Du's Grill appears in the music video for Aminé's song "Blackjack". In the song "Turf", the rapper says, "Friends used to do pills and only eat at Du's Grill".

== Reception ==
In 2021, Katherine Chew Hamilton of Portland Monthly called Du's Grill "a true Portland institution" and "perhaps the city's finest example of the Korean-style teriyaki popular throughout the Pacific Northwest". She and Matthew Trueherz included the chicken teriyaki plate in the magazine's 2024 overview of "our 12 favorite budget-friendly Portland diishes under $13". Willamette Week has said Du's Grill offers "the best Korean teriyaki in the known universe". The restaurant was included in the newspaper's 2018 guide to inexpensive dining in outer northeast Portland, and Aaron Mesh said the teriyaki was "the best in the country" in 2023.

Janey Wong included Du's Grill in Eater Portlands 2023 overview of twelve "remarkable" restaurants in the Rose City Park and Roseway neighborhoods. Michael Russell included Du's Grill in The Oregonians overviews of the forty "best inexpensive restaurants" in the metropolitan area. He had previously included the restaurant in the newspaper's 2018 overview of ten "cheap eats destinations" in Beaverton and Hillsboro, noting the outposts's upcoming launch.

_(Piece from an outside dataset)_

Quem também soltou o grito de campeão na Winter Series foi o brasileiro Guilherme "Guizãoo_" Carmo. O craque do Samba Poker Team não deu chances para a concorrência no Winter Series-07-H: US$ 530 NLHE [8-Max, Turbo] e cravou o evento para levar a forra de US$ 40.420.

Aminé is a fan of the restaurant and ate there for his eighteenth birthday. He has said, "I was just constantly going there as a teenager; Du's is such a staple. On my 18th birthday, I had no plans, so my friends and I went there, we went to that park right by Grant, and I ate my Du's for my 18th birthday. I had a sentimental mood that birthday."